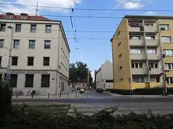 Po stronie zachodniej ulicy na odcinku od placu Teatralnego do ulicy Menniczej znajduje się „Mediateka”, mieszcząca się zabytkowym budynku dawnej słodowni[23] (ok. roku 1900 przebudowanej na palarnię kawy Otto Stieblera), oraz teren zielony[24]. Pomiędzy ulicą Menniczą a Kazimierza Wielkiego teren zabudowany jest trzema powojennymi budynkami mieszkalnymi[1][25].
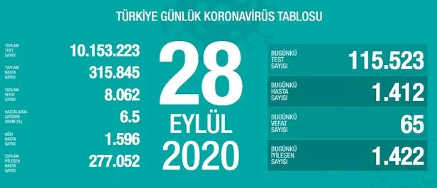 Toplam test sayısı 10 milyon 153 bin 223, vaka sayısı 315 bin 845, vefat sayısı 8 bin 62 olarak kayıtlara geçti.
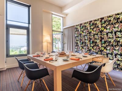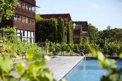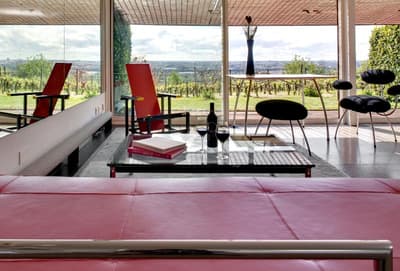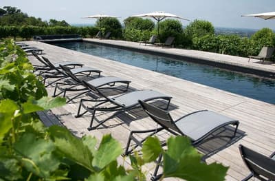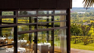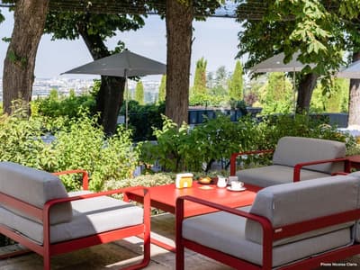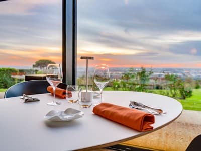 Le point commun entre la tour Agbar à Barcelone, le musée du Quai Branly à Paris et le Saint-James à Bouliac, vous le connaissez ? A part leur forme singulière, leur style épuré et le fait d'être recouverts de verre, de murs végétaux et de matériaux bruts, ces bâtiments sont l'œuvre de Jean Nouvel. Oui, c'est bien le grand architecte français qui est venu poser ses outils en 1989 à Bouliac, « le balcon de Bordeaux », pour transformer cette longère du XVIIIe en hôtel chic et resto choc ! Chic et choc, mais aussi tourné vers la nature environnante, l'autre marque de fabrique de M. Nouvel. Depuis 30 ans maintenant, ce lieu est devenu emblématique dans la région. Les Bordelais comme les touristes y viennent se régaler de saveurs aussi raffinées qu'originales au restaurant étoilé. Mais aussi profiter de ce paysage tellement beau qu'il en devient hypnotisant... Vous saviez qu'après-guerre, on venait déjà ici respirer et se détendre ? Alors à vous, maintenant ! On vous laisse respirer et profiter, au choix, de votre hébergement, d'un succulent repas, d'une baignade ou... d'un cours de cuisine proposé dans l'école de l'établissement ! Et au fait, "Saint-James", c'est en référence à la célèbre rue du centre historique de Bordeaux, pour la p'tite info.
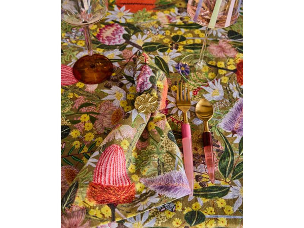 Set the table, set the mood! Our Native Plantation Tablecloth is bold, beautiful and a Kip&Co signature print, made for everyday feasts and special moments alike. With its soft drape and luxe texture, it’s the easiest way to bring a pop of personality to your dining space. Made from a linen cotton blend, this tablecloth features native Australian flora in an all over print on an olive green base. Layer with our range of table linens, cutlery and glassware to finish off the look, and really create a moment to remember.
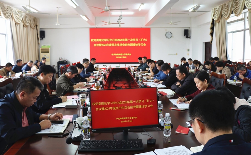 1月9日上午,我校在桂林洋校区第一公共教学楼三楼会议室召开校党委理论学习中心组2025年第一次学习(扩大)会议暨2024年度民主生活会前专题理论学习会议。校党委常委许玫、符刘才、杨兹举、刘汝兵、张引、王任斌、黄忆军,全体党委委员出席,校纪委委员、各二级党组织书记、宣传部负责人列席会议。会议由校党委书记许玫主持。
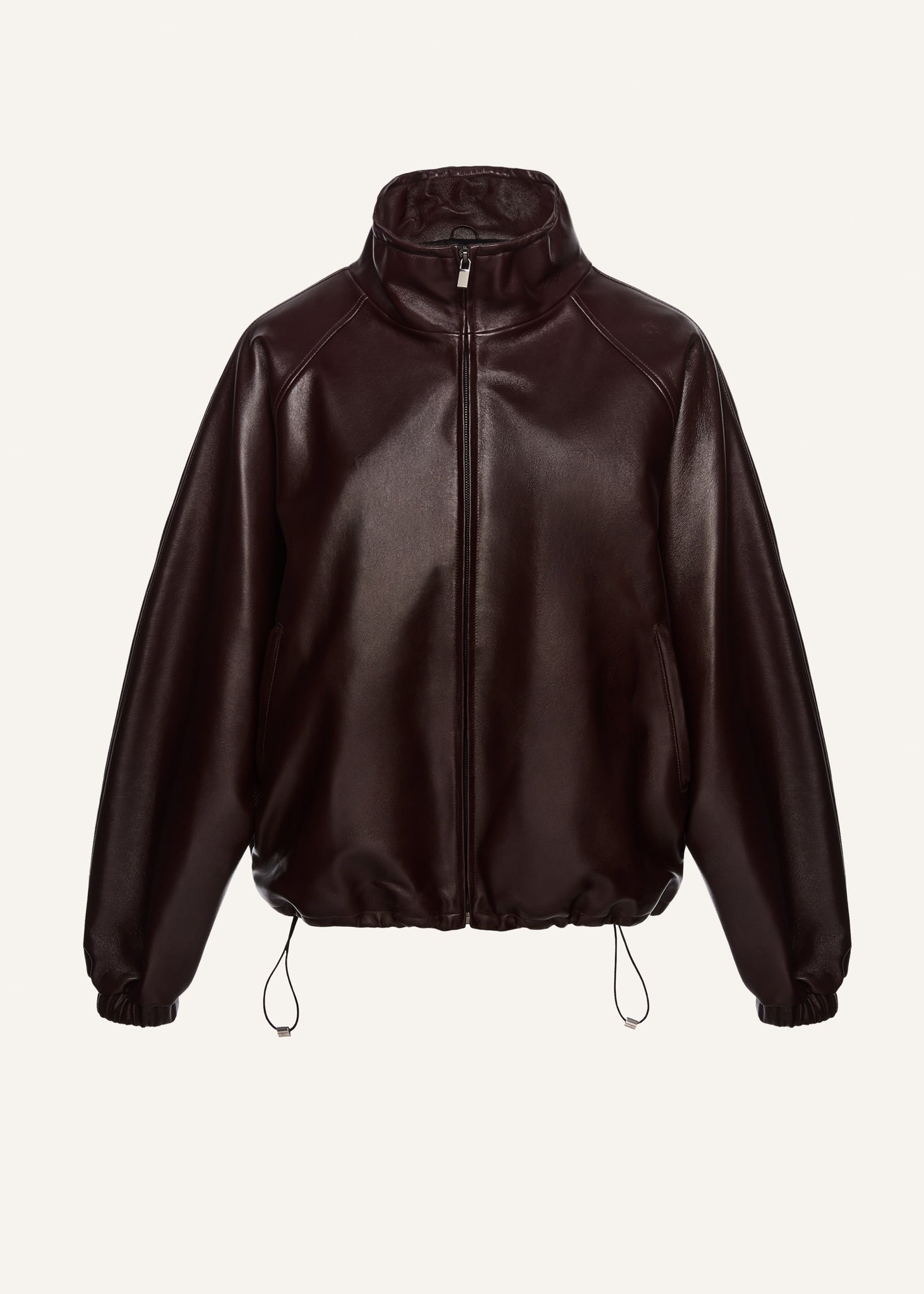 A classic oversized bomber jacket shape with an elasticized hemline to give modernity, and a zip up front closure.
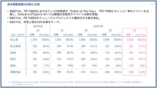 S&Mは、PR TIMESにおけるテレビCM放映や「Public of The Year」「PR TIMESカレッジ」等のイベントを主催、JootoおよびTayoriにおいては動画広告配信やイベント出展を実施し、売上高比率49.1%となりました。R&Dでは、PR TIMESのリニューアルプロジェクトの費用が引き続き発生し、売上高比率10.7%となりました。G&Aは売上高比率8.8%と10%未満をキープしています。
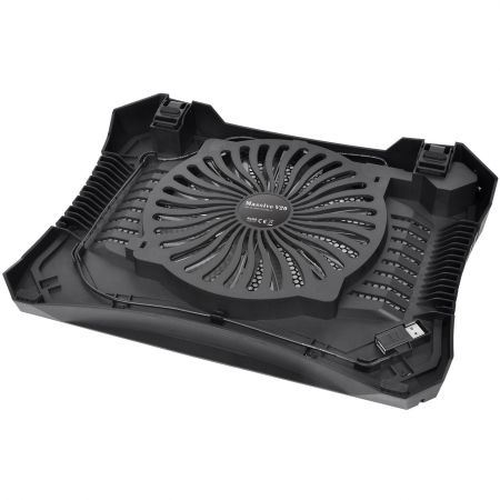 Thermaltake Massive V20, structura din plastic si mesh metalic, dimensiune notebook: 10” - 17” (maxim), ventilator silentios de 200mm (600-800 RPM, 70.38 CFM, max 31.7 dBA, control turatie ventilator, buton ON/OFF pentru LED-urile ventilatorului), doua unghiuri de inclinare, alimentare de la portul USB, dimensiuni: 365 x 276 x 42 mm, greutate: 700g
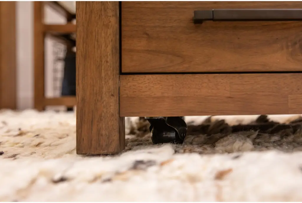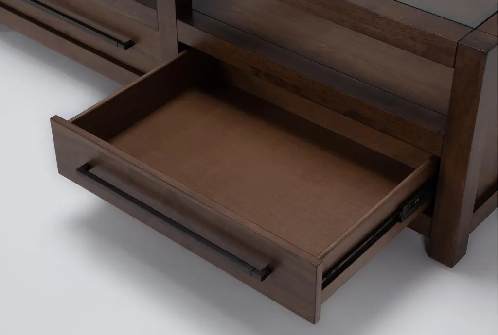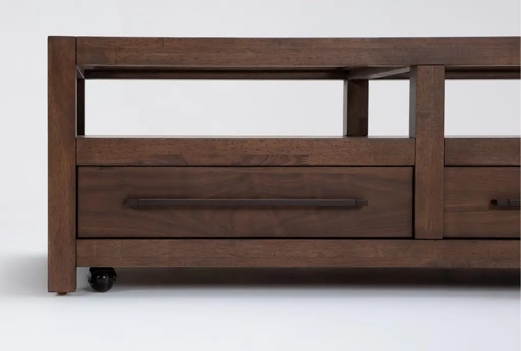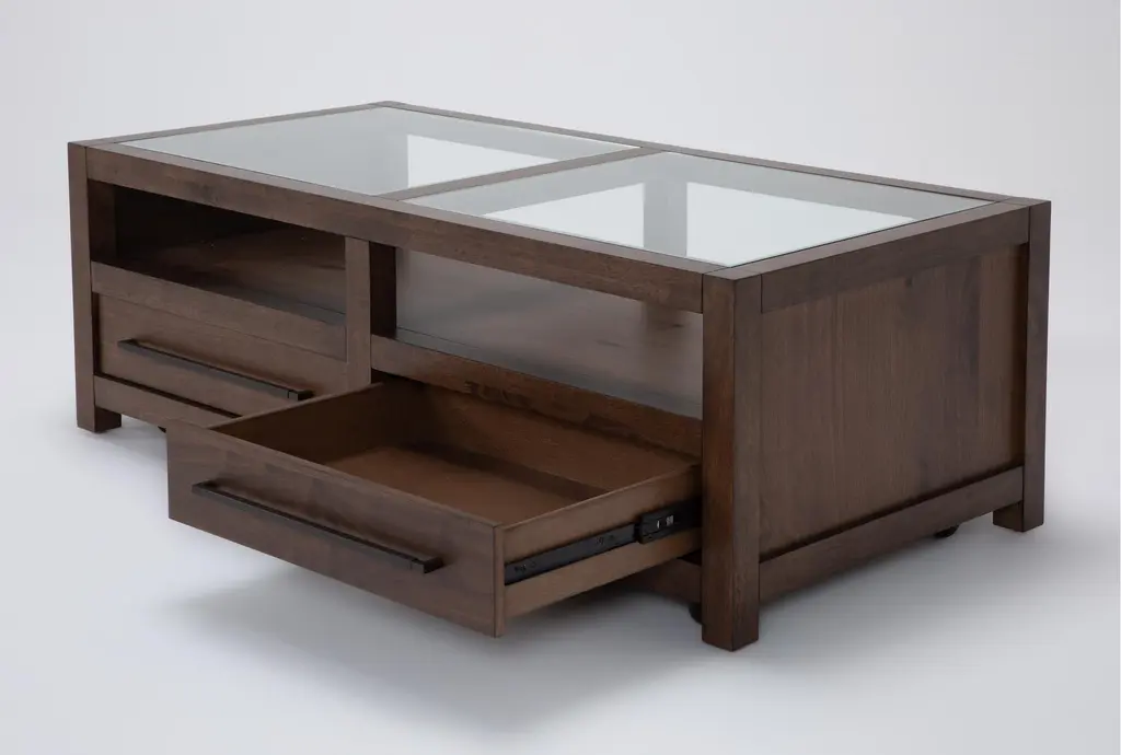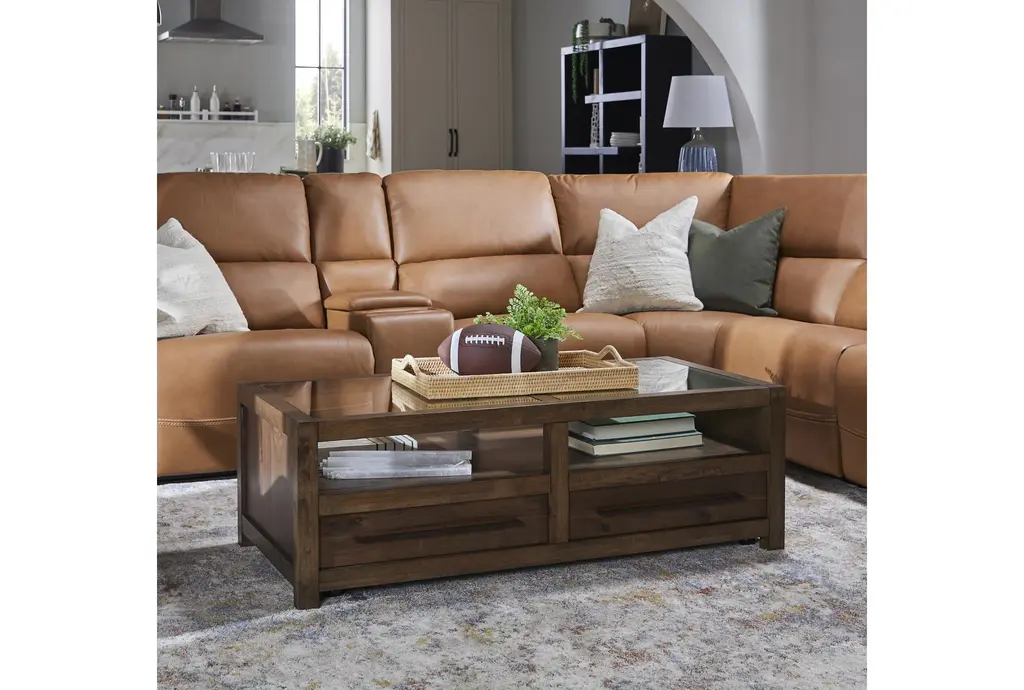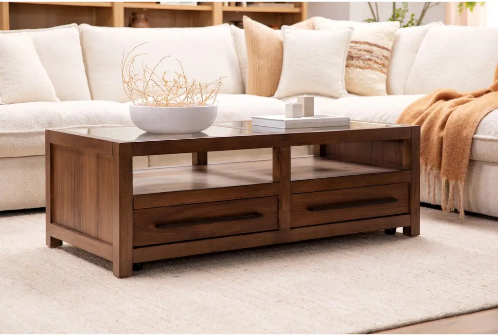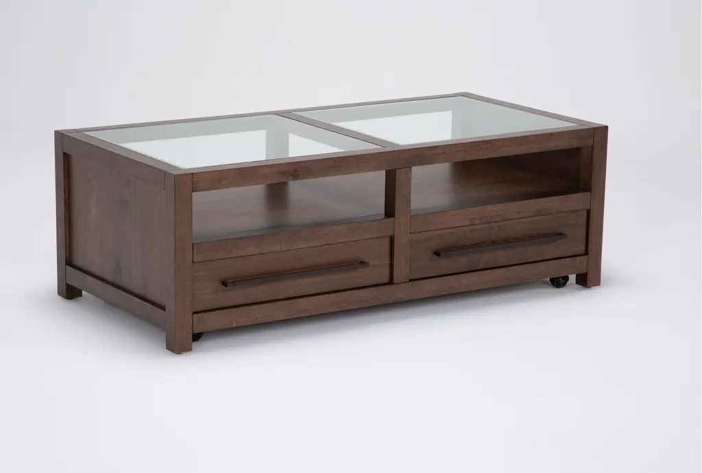 Sawyer Brown Walnut 54" Wide Rectangle Glass Top & Wood Base Coffee Table | Storage | Drawers | Wheels | Shelf
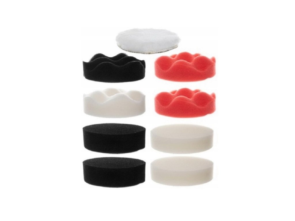 Sada obsahuje 5 druhů vlnitých leštících houbiček, 4 ploché leštící houby na suchý zip, 1x leštící kožešinu na suchý zip, 1x hlavu tlumiče se suchým zipem a montážní adaptér. Rozměry houbiček v sadě 8 x 8 x 4 cm.
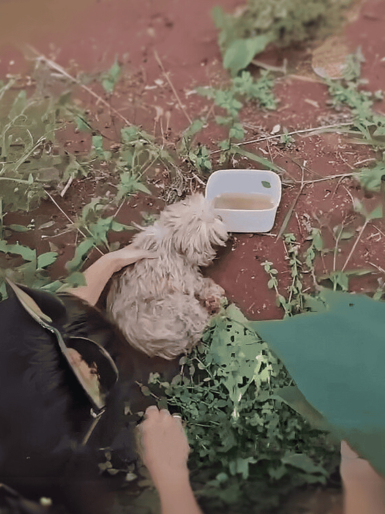 Hidden in the forest, rescuers found a dog with decaying skin and maggots, lying still as if sensing their help. They cleared the infestation, offered food and water, and transported her for care. A vet confirmed she had been abandoned as a breeding dog, left to die.
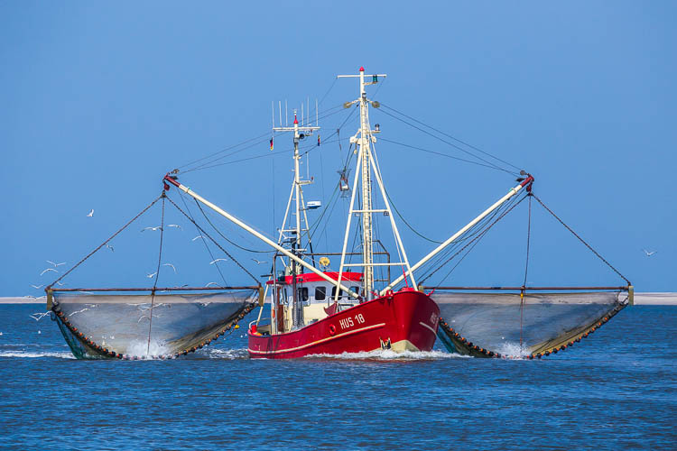 Der Krabbenkutter HUS 18 im Einsatz vor Norderoogsand. Mittwoch, 4. Juni 2014 um 11:12 Uhr
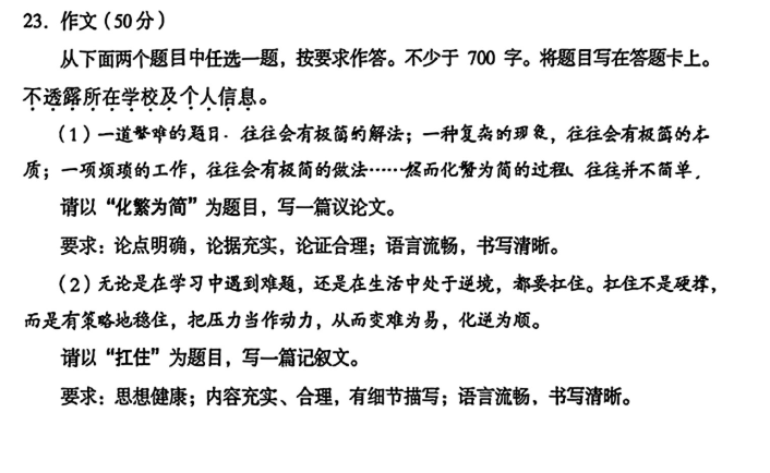 23.作文(50分)从下面两个题目中任选一题,按要求作答。不砂少于700字。将题目写在答题卡上。不透露所在学校及个人信息。
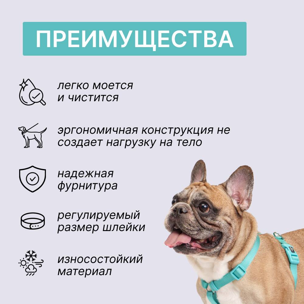 - При натяжении поводка шлейка не съезжает на шею собаки благодаря креплению в зоне спины.
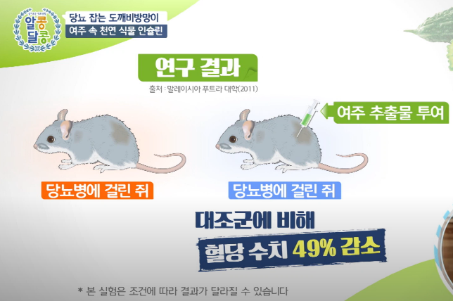 비하여 혈당 수치가 49% 감소했다는 실험결과도 보였습니다.
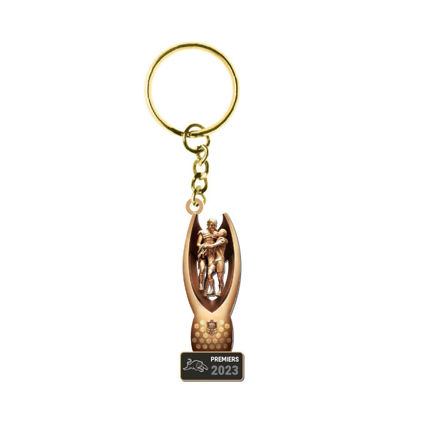 Celebrate the Penrith Panthers' remarkable 2023 NRL Grand Final victory with this officially licensed 3D trophy keyring. A compact and stylish keepsake, it's perfect for fans wanting to carry a piece of premiership history.
******************************
- **Action item**: Work from the entries above. Set down exactly and only the lines from the line with "A classic oversized" to the line with "S&Mは、PR TIMESにおけるテレビCM放映や「Public of", both included, and leave the pictures out.

- **Result of this task**:
 A classic oversized bomber jacket shape with an elasticized hemline to give modernity, and a zip up front closure.
 S&Mは、PR TIMESにおけるテレビCM放映や「Public of The Year」「PR TIMESカレッジ」等のイベントを主催、JootoおよびTayoriにおいては動画広告配信やイベント出展を実施し、売上高比率49.1%となりました。R&Dでは、PR TIMESのリニューアルプロジェクトの費用が引き続き発生し、売上高比率10.7%となりました。G&Aは売上高比率8.8%と10%未満をキープしています。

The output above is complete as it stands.